Failing and tyrannical countries often institute capital controls to trap their citizens’ funds. The US is doing this in an unusual way. Because the US economy is so powerful, and the dollar is a major international currency, the US Gov’t has used a two prong approach.
1) By making it so onerous to do business with US citizens, the gov’t has effectively trapped citizen funds within the US because few external banks/brokers will take US citizen accounts. This has all been done without mention of the phrase “capital controls.”
2) The other arm, in the name of suppressing tax cheats, is addressed in this article. The IRS has written regulations on out-of-country accounts which are incredibly complicated, intrusive, and confiscatory.

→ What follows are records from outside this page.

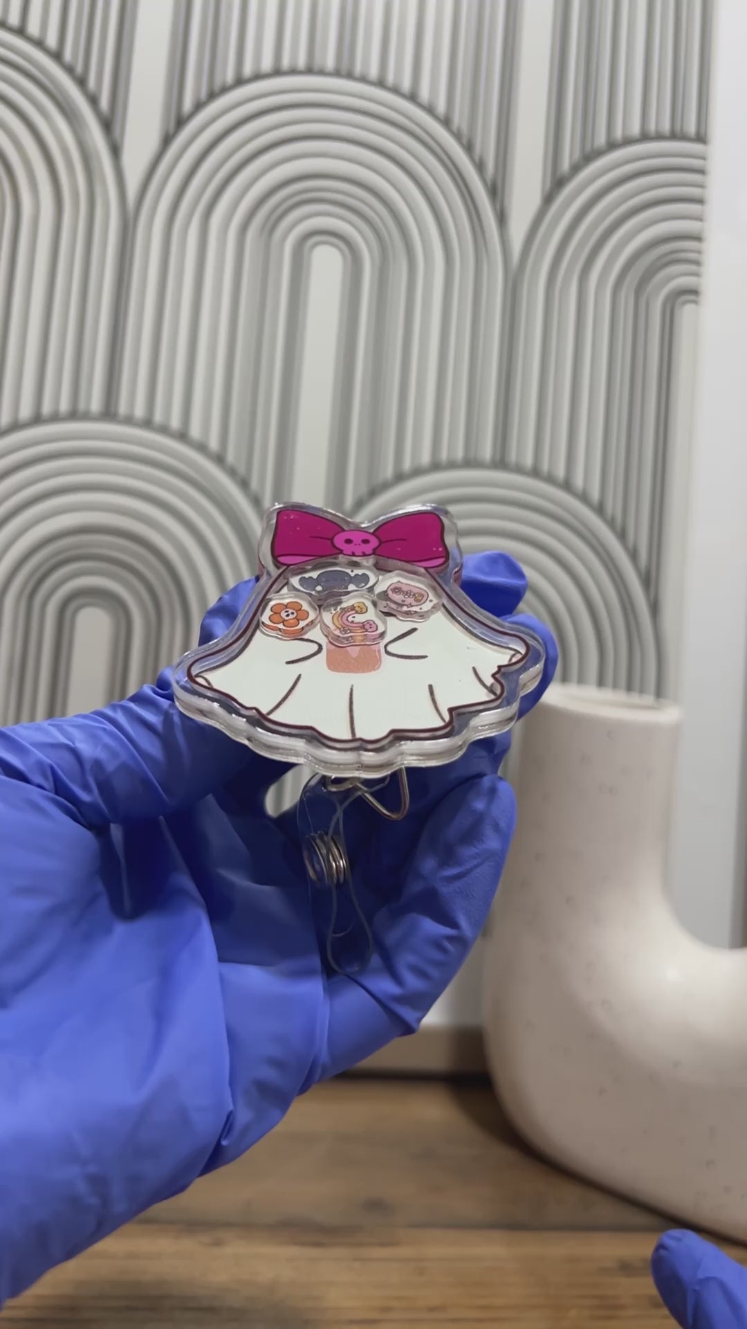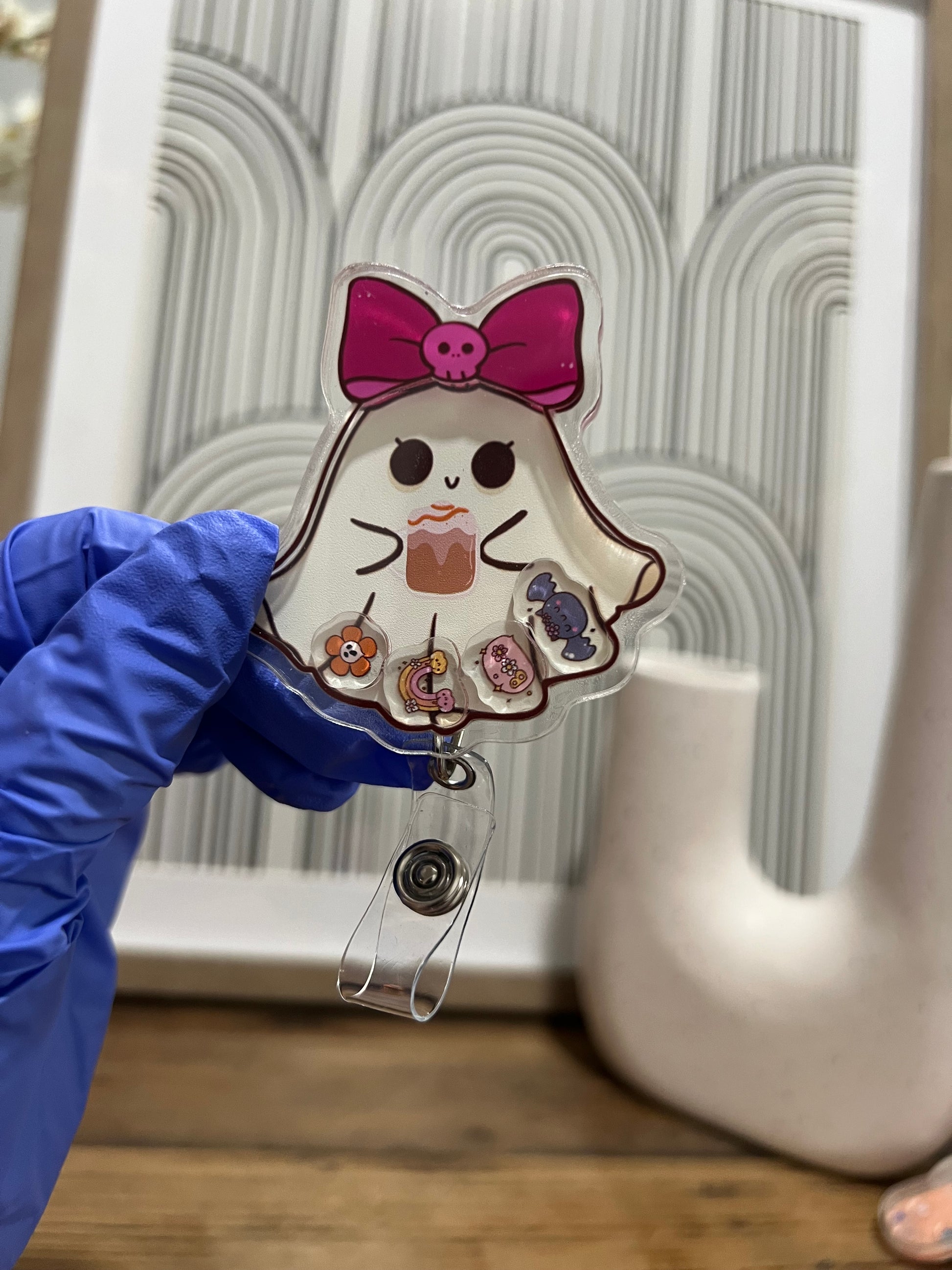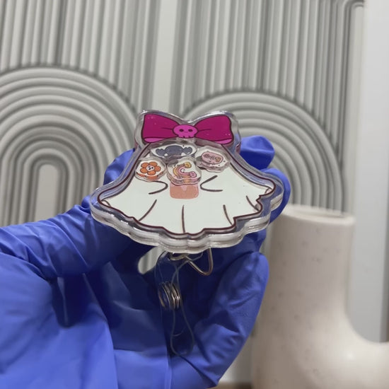 Elevate your badge game with our Shake Badge Reel! Featuring a girly ghost, coquette Halloween, and a cute pink bow ghost design, this reel adds a touch of spooky cuteness to any outfit. Perfect for showing off your love for Halloween and adding some fun to your workday. Get ready for some spooky vibes and grab yours today!
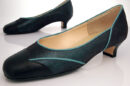 パイピングを施した切り替えが特徴のスクエアトゥパンプスです。ヒールは3cmになります。
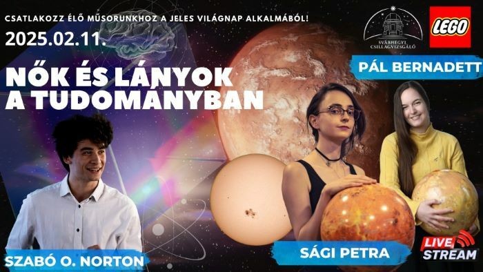 A világnap alkalmából a Svábhegyi Csillagvizsgáló különleges beszélgetést szervez, amelyen két fiatal magyar hölgy, Pál Bernadett és Sági Petra osztja meg tapasztalatait. Bernadett a Marson található folyékony víz kutatásával szerzett PhD fokozatot, míg Petra az ELTE csillagász mesterszakos hallgatója és a Svábhegyi Csillagvizsgáló bemutatócsillagásza. A beszélgetést február 11-én este 6 órától lehet követni a Svábhegyi Csillagvizsgáló YouTube csatornáján – egy kis extra csavarral: miközben a résztvevők megvitatják a tudományos életpálya szépségeit és kihívásait, egy LEGO Mars űrállomás-modellt is összeraknak!
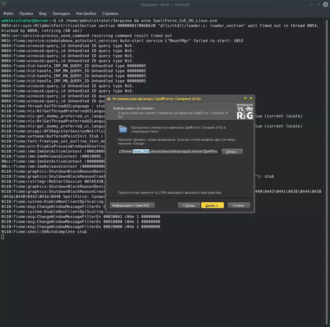 在Linux系统中安装俄语本地化补丁时,需将TeamRIG替换为您的账户名称。
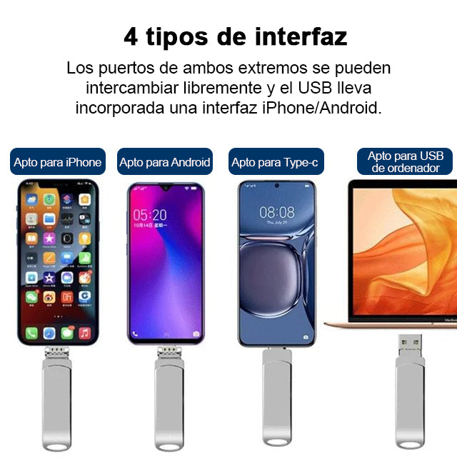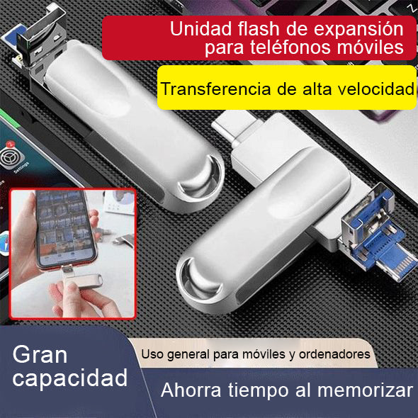 Multifunksjonell og stor kapasitet 4-i-1-utvidelses-USB-minnepinne for mobiltelefoner
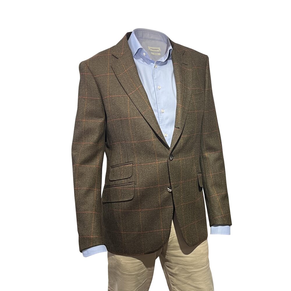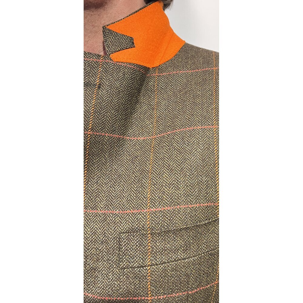 Jackett "Moritz" ausTweed in Oliv-Braun mit Overcheck in Orange 46
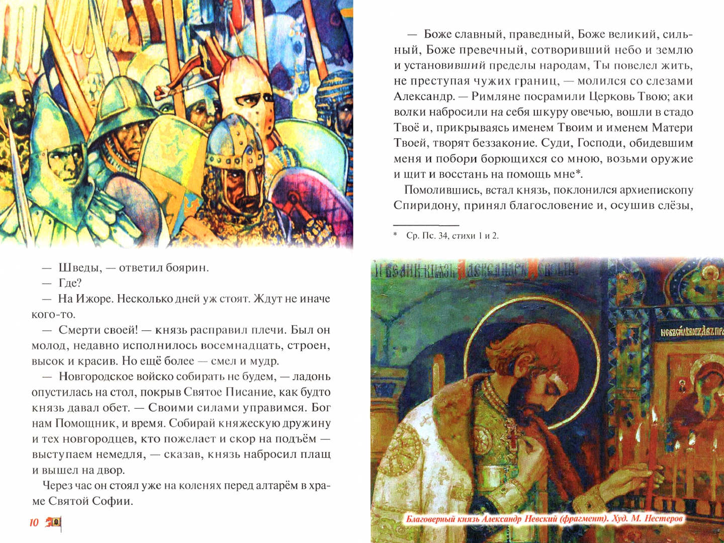 ОписаниеXIII век был очень трудным для Руси: с востока шли монгольские орды, уничтожая на своём пути, а с запада - католические рыцари, которые хотели не только захватить Русь, но и уничтожить самое главное - Спасительную православную веру. В этот грозный час Промыслом Божиим встал на защиту Руси святой князь Александр. И в 1240 году на Неве, в своей первой битве, разбил врага. Князю в это время не было и двадцати лет.Допущено к распространению Издательским советом РПЦ.XIII век был очень трудным для Руси: с востока шли монгольские орды, уничтожая на своём пути, а с запада - католические рыцари, которые хотели не только захватить Русь, но и уничтожить самое главное - Спасительную православную веру. В этот грозный час Промыслом Божиим встал на защиту Руси святой князь Александр. И в 1240 году на Неве, в своей первой битве, разбил врага. Князю в это время не было и двадцати лет.Допущено к распространению Издательским советом РПЦ.

Even if you can get someone to take your money overseas, the US gov’t can accuse you of some complex tax violation and seize a good portion of it through outrageous penalties.
The net effect of all this is that the only way out of the country is through dual citizenship, and then formal relinquishing of US citizenship. I love the US, and haven’t even thought of this for myself. But gaming the situation, and thinking about past history where people were trapped in a country that was cannabilizing itself (Germany, Russia at times), I’d like the option of legitimately keeping some money out of US control... and it’s being quietly and throroughly foreclosed.
This ought to alarm and anger just about anyone. Forget about the mythical 1% BS and think about what’s going on here.
I’ve been saying for a while now that the Mexican who cross the border into the U.S. illegally, has no papers and no Social Security number, and works for cash may be the last free man in the United States of America.